> _Available data_
Start of Block

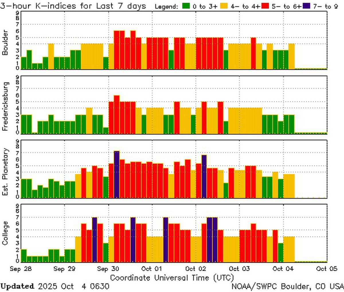 Магнитная буря, начавшаяся в конце сентября, все-таки закончилась. Вечером 3 октября давление на магнитосферу Земли начало спадать, по состоянию на утро 4 октября магнитосфера все еще возмущена, но уровень возмущения ниже уровня магнитной бури.
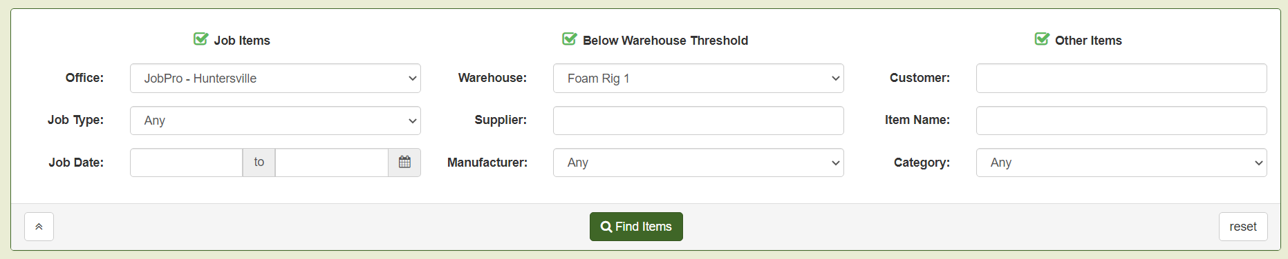 Once on the stock order screen, you can utilize the search filters to select the items you need to add to your stock order. Simply enter the filters you need and click ‘Find Items’
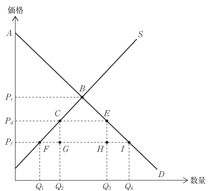 ある国際的に規格化された財に対する関税の効果を考える。国際市場で Pf の価格が成立している当該財の国内需要曲線は D、国内供給曲線は S である。したがって、貿易を行わない閉鎖経済の下では、Pc の市場価格が成立する。

End of Block

> _Task to carry out_
Write out the material above again, word for word, minus its pictures.

> _Answer to this task_
 Магнитная буря, начавшаяся в конце сентября, все-таки закончилась. Вечером 3 октября давление на магнитосферу Земли начало спадать, по состоянию на утро 4 октября магнитосфера все еще возмущена, но уровень возмущения ниже уровня магнитной бури.
 Once on the stock order screen, you can utilize the search filters to select the items you need to add to your stock order. Simply enter the filters you need and click ‘Find Items’
 ある国際的に規格化された財に対する関税の効果を考える。国際市場で Pf の価格が成立している当該財の国内需要曲線は D、国内供給曲線は S である。したがって、貿易を行わない閉鎖経済の下では、Pc の市場価格が成立する。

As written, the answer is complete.